-- Directions --
In the listing that follows, find the line with "证券之星消息,截至2025年", then copy exactly from it through the line with "附件:北海艺术设计学院第九届青年教师教学竞赛获奖名单", leaving out every picture.

-- The data --
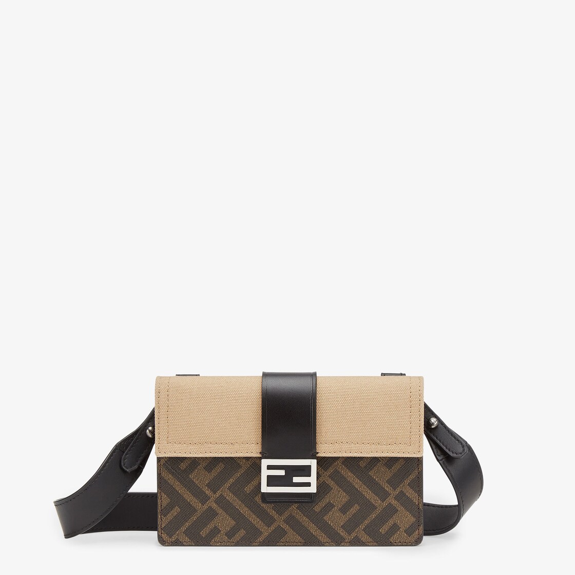 Baguette pouch with square flap and FF magnetic clasp. Can be worn on the waist, over the shoulder or cross-body by attaching the removable strap. Lining with zipped pocket. Made of fabric with FF motif. Embellished with natural canvas flap and black leather details. Palladium-finish metalware.
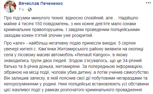 Позже выяснилось, что это жители Житомира, отец и дочь. По предварительной информации, мужчина убил ребенка, а затем совершил самоубийство.
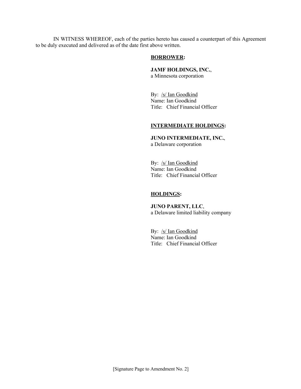 [Signature Page to Amendment No. 2] IN WITNESS WHEREOF, each of the parties hereto has caused a counterpart of this Agreement to be duly executed and delivered as of the date first above written. BORROWER: JAMF HOLDINGS, INC., a Minnesota corporation By: /s/ Ian Goodkind Name: Ian Goodkind Title: Chief Financial Officer INTERMEDIATE HOLDINGS: JUNO INTERMEDIATE, INC., a Delaware corporation By: /s/ Ian Goodkind Name: Ian Goodkind Title: Chief Financial Officer HOLDINGS: JUNO PARENT, LLC, a Delaware limited liability company By: /s/ Ian Goodkind Name: Ian Goodkind Title: Chief Financial Officer
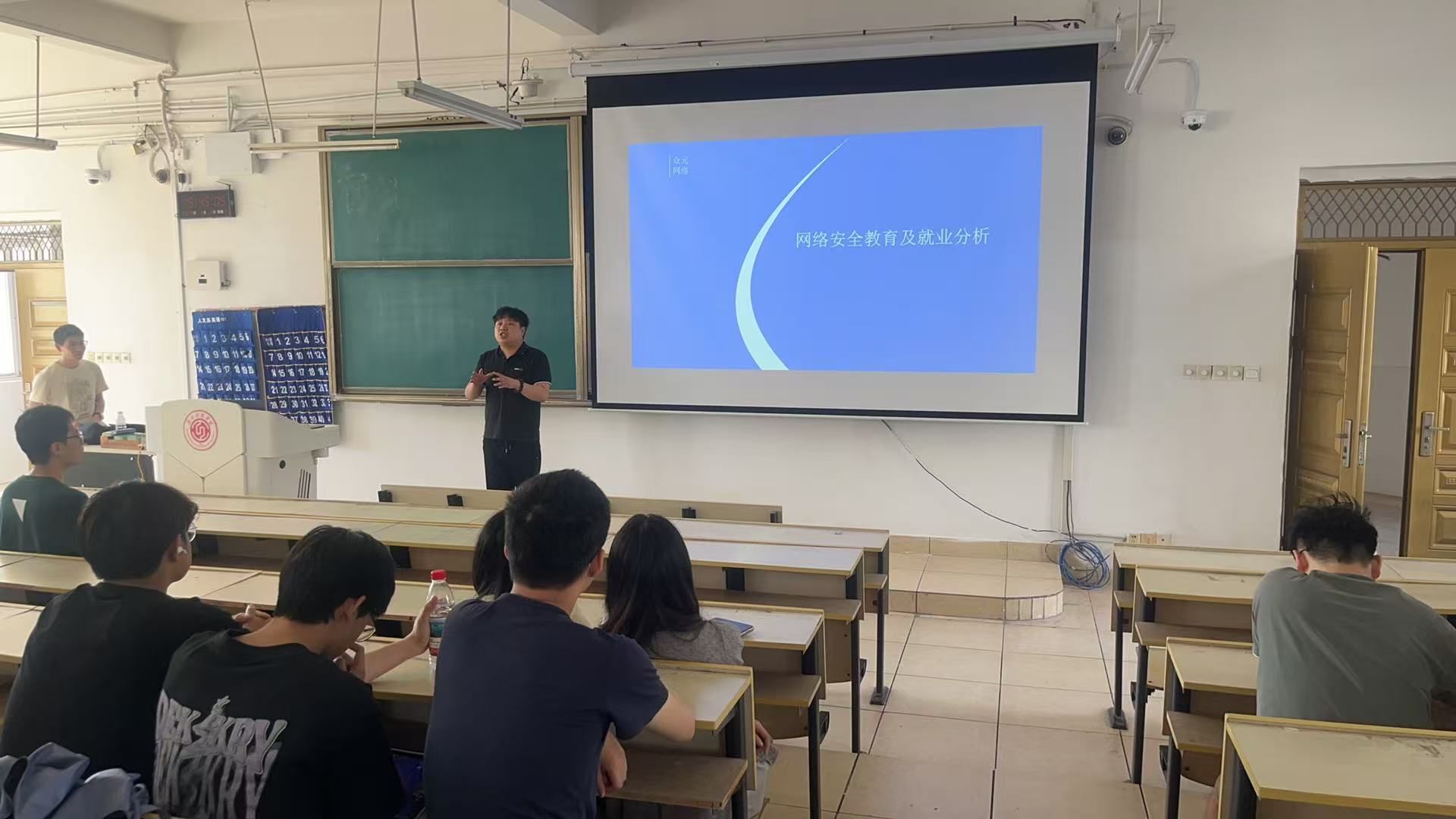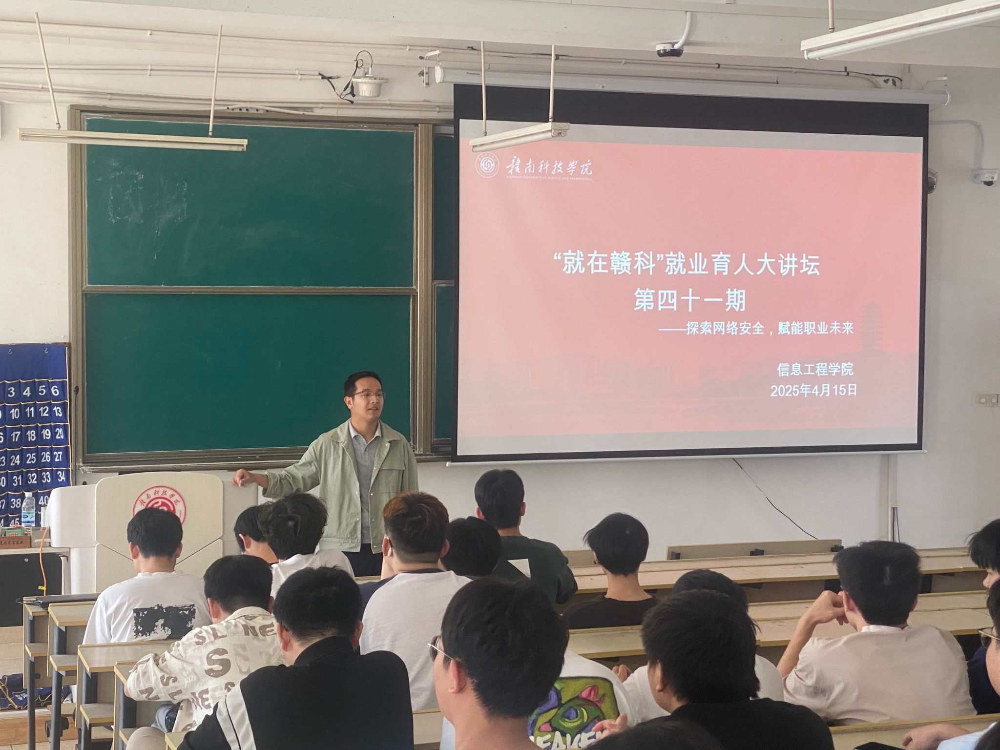 本网讯:为深入贯彻总体国家安全观,扎实推进“国家安全教育周”主题教育活动,4月15日下午,beat365正版唯一官网在教学主楼Z3D2举办“就在赣科”就业育人大讲坛第四十一期,主题为“探索网络安全,赋能职业未来”。本次讲坛邀请长沙市众元网络技术有限公司副总经理颜毅及网络攻防专家苏小华老师作为主讲嘉宾,学院100余名师生到场聆听。
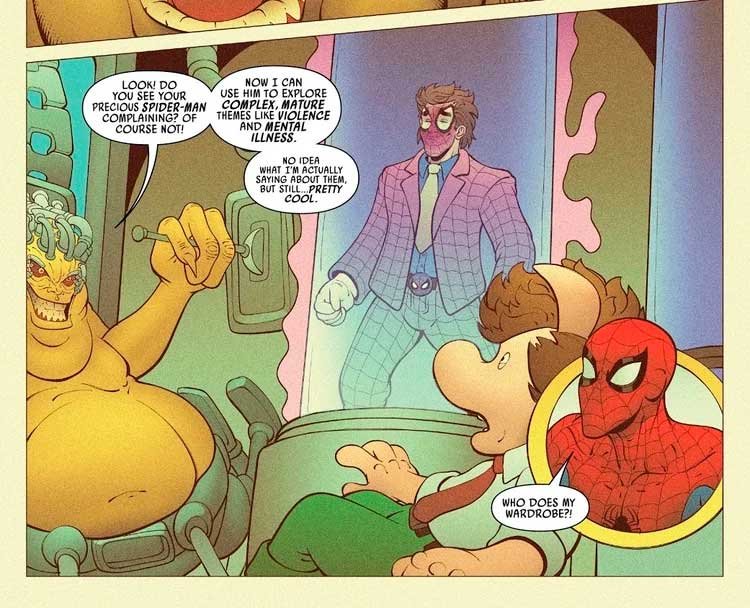 Nas imagens acima, O Homem-Aranha foi mostrado com um terninho vermelho, uma gravata amarela e uma camisa azul, com uma pintura no rosto que parecia vagamente com a máscara do Homem-Aranha. Mojo então observou que ele poderia usar o Homem-Aranha “para explorar temas complexos e maduros, como violência e doença mental”, apesar de não saber o que ele realmente queria dizer sobre qualquer um dos tópicos.
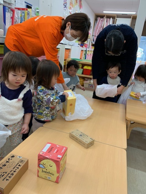 ★食育(2025.8.28) テーマ『とうもろこしの皮むき』 イチゴちゃんがやってきて、みんなにとうもろこしをプレゼント🌽 とうもろこしの ヒゲの数と粒の数は同じなんだって!買う時は是非ヒゲが多いとうもろこしを選んでネ🌽☆ 皮付きのとうもろこしを見て、なにこれ~いつものコーンじゃない~😣と、触るのをためらったり、いきなり持ってみたりと様々な様子の子ども達😊 イチゴちゃんと一緒にゆっくりと触ったり、むいたり☺ だんだん皮付きとうもろこしを力強くむけるようになりました! おひげ~😃 粒が出てきたよー! やったー!きれいにむけたよー🙌 むいた、とうもろこしは、自分でスーパーの袋に入れて持って帰りました☺ お家で美味しく食べてねー🎵🌽 ☘ 苦情 ・ 相談報告 令和7年8月の苦情・相談等はございませんでした。
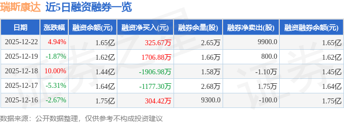 证券之星消息,截至2025年12月22日收盘,瑞斯康达(603803)报收于12.12元,上涨4.94%,换手率13.86%,成交量58.88万手,成交额7.04亿元。
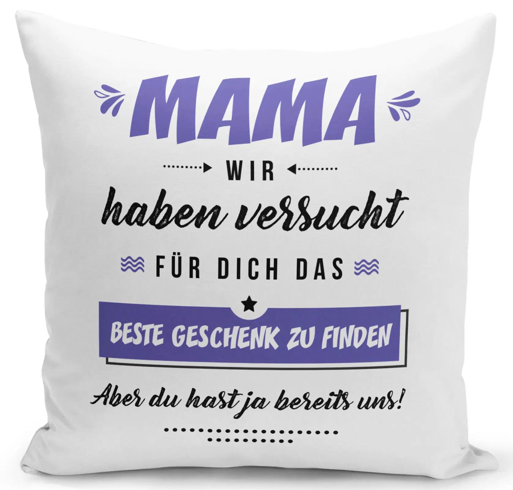 Kissen mit Spruch: Mama wir haben versucht für Dich das beste Geschenk zu finden. Aber Du hast ja bereits uns! ⭐
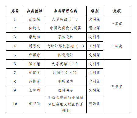 附件:北海艺术设计学院第九届青年教师教学竞赛获奖名单
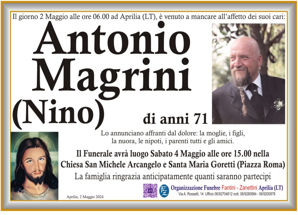 E’ venuto a mancare ad Aprilia - dopo una malattia - lo storico commerciante Antonio Magrini conosciuto come Nino. Aveva 71 anni. Nino Magrini si è spento oggi, attorno alle 6 del mattino, circondato dall’affetto dei suoi cari. La città si stringe attorno al lutto dei familiari. Il funerale si terrà sabato 4 maggio 2024 alle ore 15.00 presso la chiesa di San Michele Arcangelo in piazza Roma.
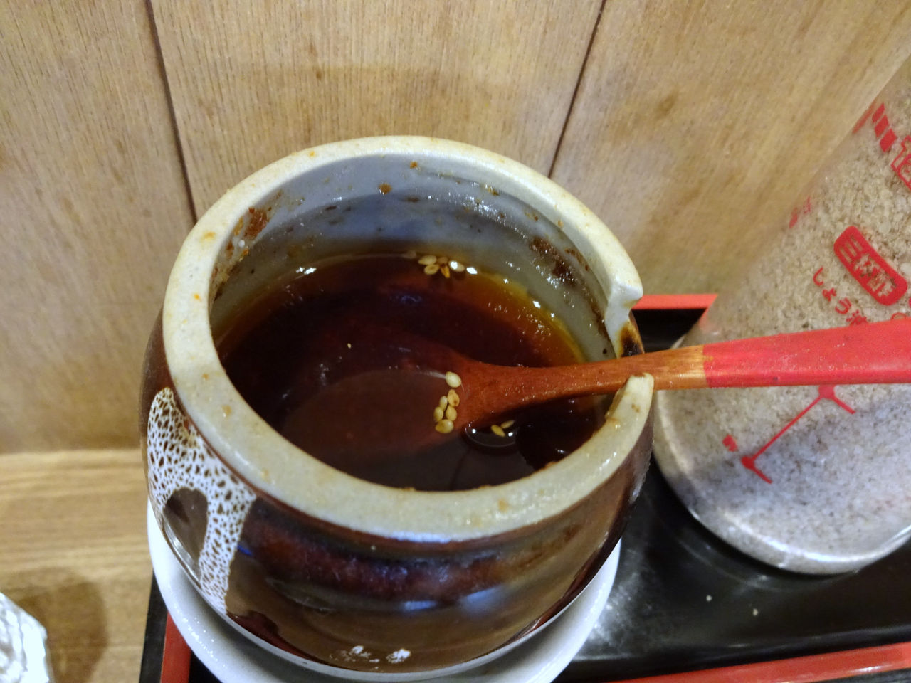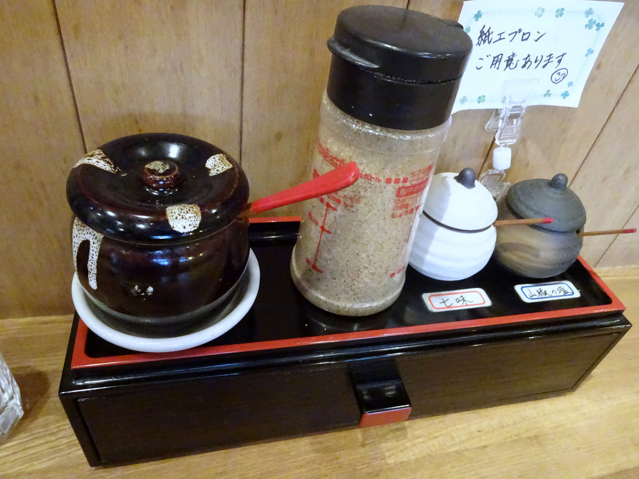 卓上調味料は、自家製ラー油、すりごま、七味、山椒塩。

-- Exercise answer --
 证券之星消息,截至2025年12月22日收盘,瑞斯康达(603803)报收于12.12元,上涨4.94%,换手率13.86%,成交量58.88万手,成交额7.04亿元。
 Kissen mit Spruch: Mama wir haben versucht für Dich das beste Geschenk zu finden. Aber Du hast ja bereits uns! ⭐
 附件:北海艺术设计学院第九届青年教师教学竞赛获奖名单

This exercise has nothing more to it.